• **Data for review**
++++++++++
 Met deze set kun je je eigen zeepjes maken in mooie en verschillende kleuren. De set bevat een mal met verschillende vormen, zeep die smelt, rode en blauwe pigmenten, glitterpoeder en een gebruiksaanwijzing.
++++++++++
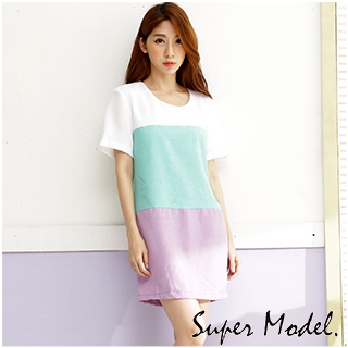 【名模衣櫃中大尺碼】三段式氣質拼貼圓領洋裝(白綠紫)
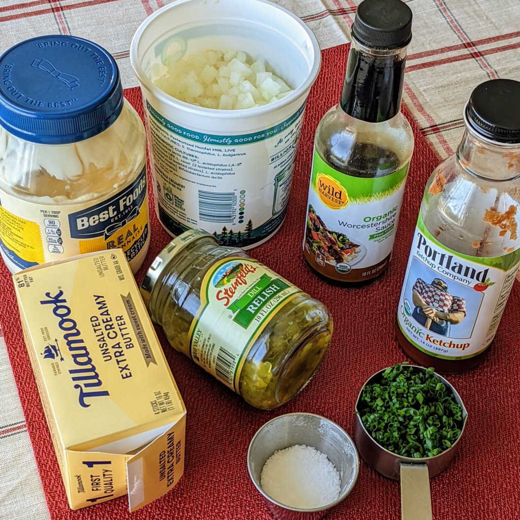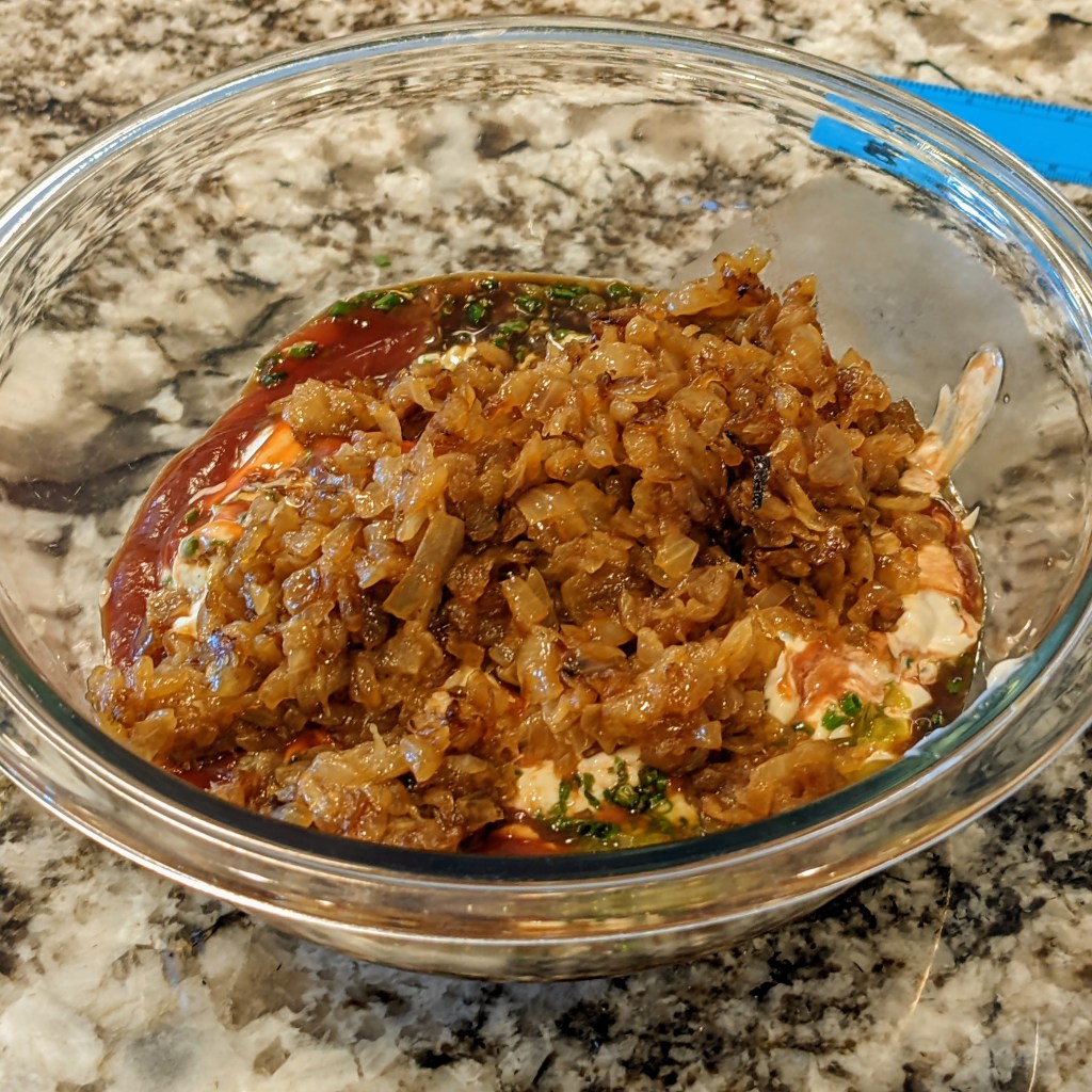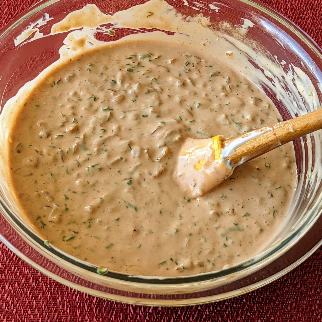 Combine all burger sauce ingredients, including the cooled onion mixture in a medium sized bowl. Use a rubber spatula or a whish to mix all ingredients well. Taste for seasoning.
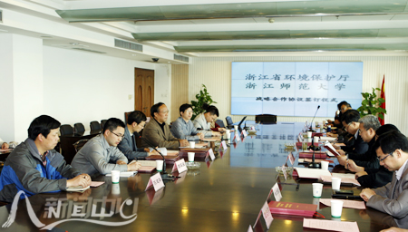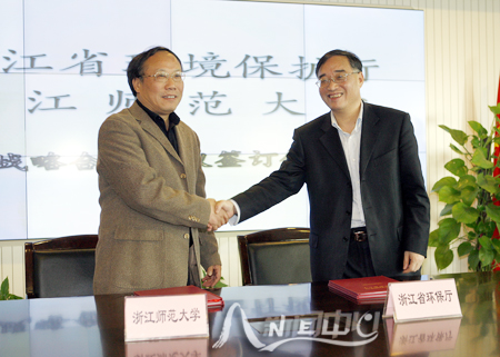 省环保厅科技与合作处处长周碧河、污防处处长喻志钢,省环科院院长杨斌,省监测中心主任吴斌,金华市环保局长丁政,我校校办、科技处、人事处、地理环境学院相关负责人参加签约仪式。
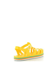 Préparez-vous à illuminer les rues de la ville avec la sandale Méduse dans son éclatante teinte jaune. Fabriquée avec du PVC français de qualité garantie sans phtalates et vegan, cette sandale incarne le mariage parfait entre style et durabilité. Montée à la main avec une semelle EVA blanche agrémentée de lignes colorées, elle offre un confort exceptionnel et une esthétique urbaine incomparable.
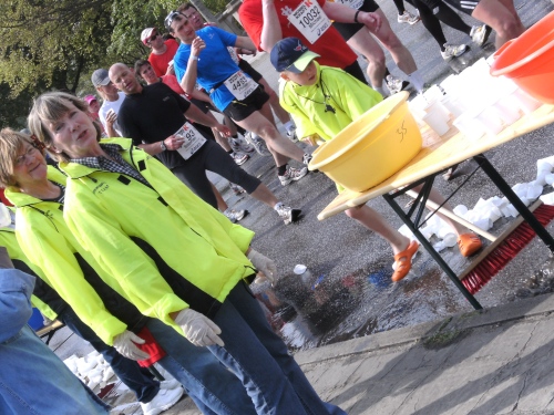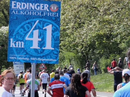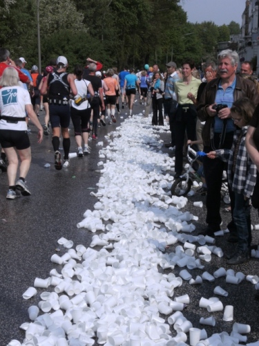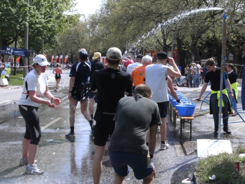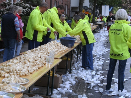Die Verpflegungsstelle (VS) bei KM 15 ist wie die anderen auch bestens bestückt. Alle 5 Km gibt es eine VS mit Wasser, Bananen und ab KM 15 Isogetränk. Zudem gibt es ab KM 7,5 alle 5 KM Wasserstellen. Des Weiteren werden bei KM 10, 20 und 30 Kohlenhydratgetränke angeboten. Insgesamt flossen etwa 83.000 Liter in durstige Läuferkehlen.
++++++++++
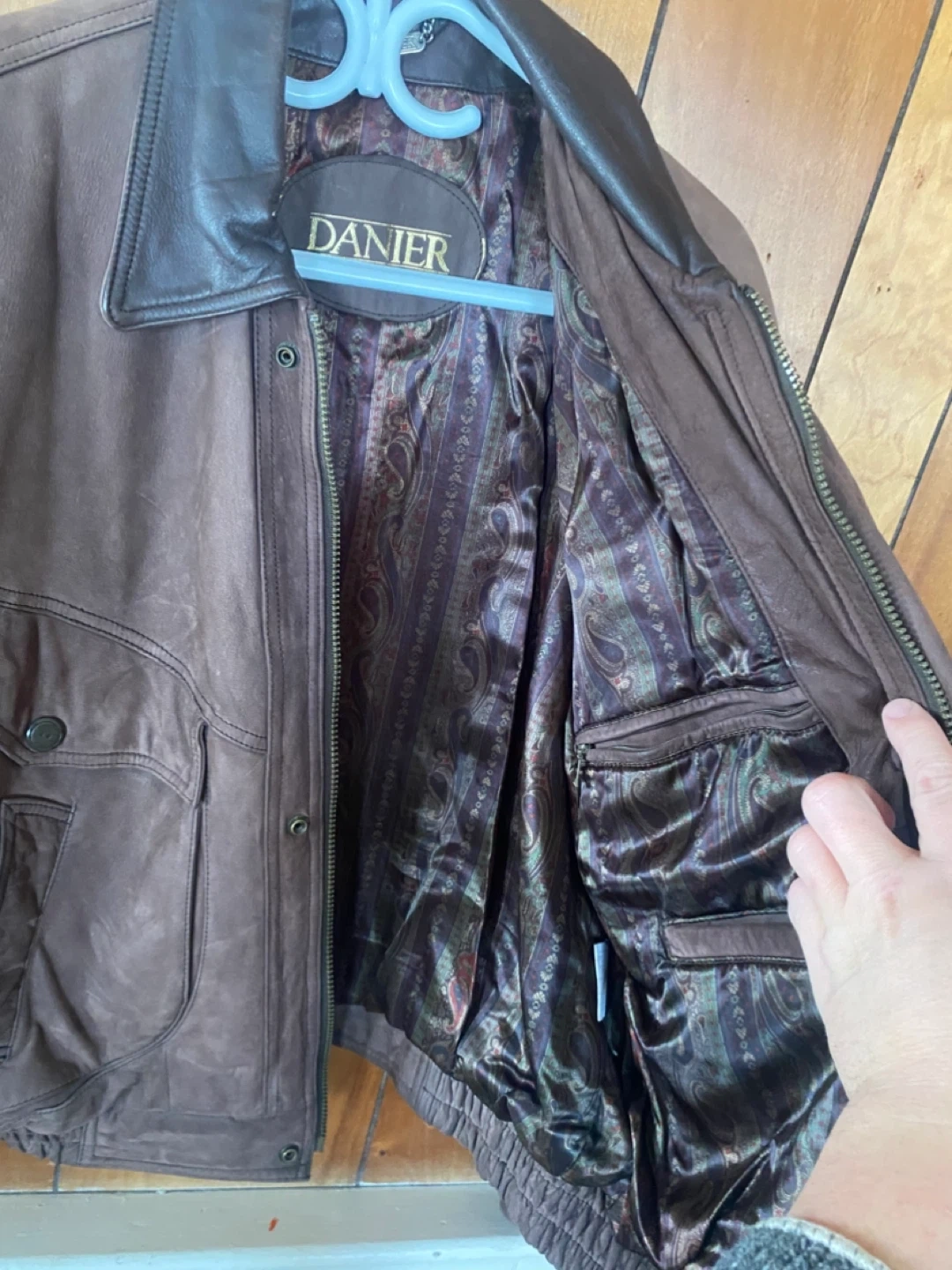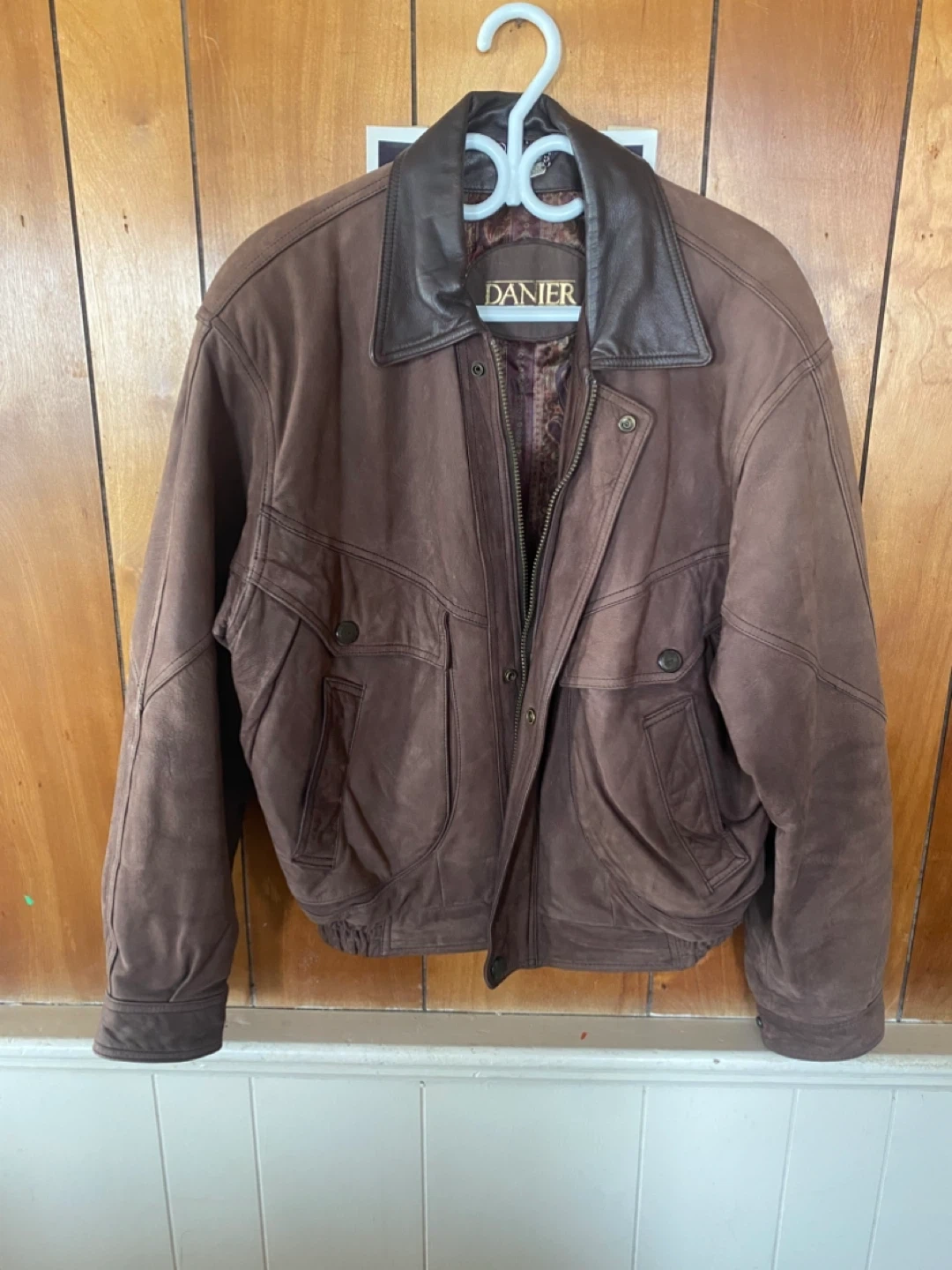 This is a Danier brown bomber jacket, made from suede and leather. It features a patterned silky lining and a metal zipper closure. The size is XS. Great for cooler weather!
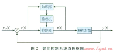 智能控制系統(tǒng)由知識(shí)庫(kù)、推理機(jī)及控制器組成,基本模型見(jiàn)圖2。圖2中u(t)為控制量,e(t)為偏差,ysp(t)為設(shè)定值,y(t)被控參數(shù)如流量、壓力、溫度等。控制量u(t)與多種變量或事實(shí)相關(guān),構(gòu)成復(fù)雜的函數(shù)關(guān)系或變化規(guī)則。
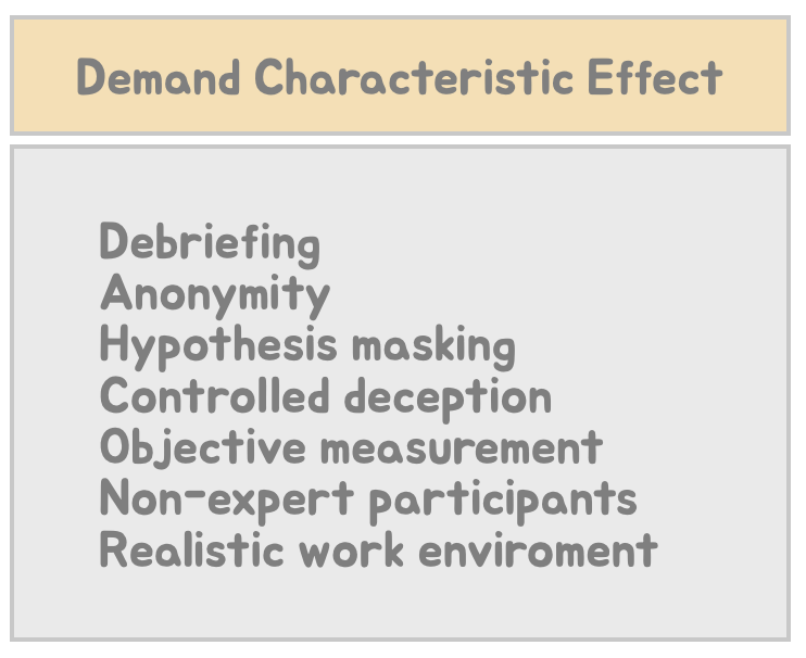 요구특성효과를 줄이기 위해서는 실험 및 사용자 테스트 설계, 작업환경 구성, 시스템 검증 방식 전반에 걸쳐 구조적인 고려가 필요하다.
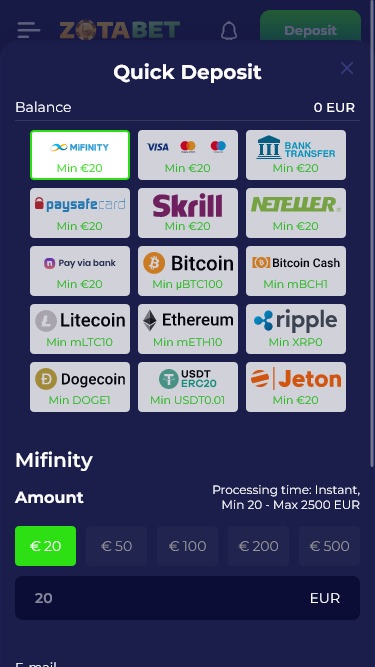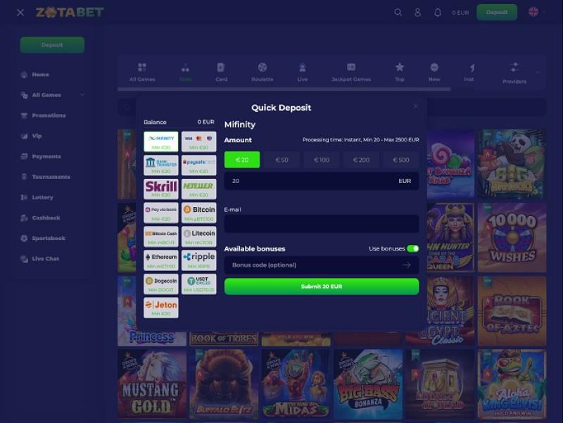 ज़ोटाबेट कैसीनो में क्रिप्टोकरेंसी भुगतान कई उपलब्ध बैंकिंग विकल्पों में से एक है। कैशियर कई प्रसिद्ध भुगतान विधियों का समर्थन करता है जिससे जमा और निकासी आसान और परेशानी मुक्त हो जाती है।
++++++++++
• **What to work on**
In the entries above, every line from the line with "요구특성효과를 줄이기 위해서는" to the line with "ज़ोटाबेट कैसीनो में" is to be printed exactly, with both ends included and pictures excluded.

• **Response box**
 요구특성효과를 줄이기 위해서는 실험 및 사용자 테스트 설계, 작업환경 구성, 시스템 검증 방식 전반에 걸쳐 구조적인 고려가 필요하다.
 ज़ोटाबेट कैसीनो में क्रिप्टोकरेंसी भुगतान कई उपलब्ध बैंकिंग विकल्पों में से एक है। कैशियर कई प्रसिद्ध भुगतान विधियों का समर्थन करता है जिससे जमा और निकासी आसान और परेशानी मुक्त हो जाती है।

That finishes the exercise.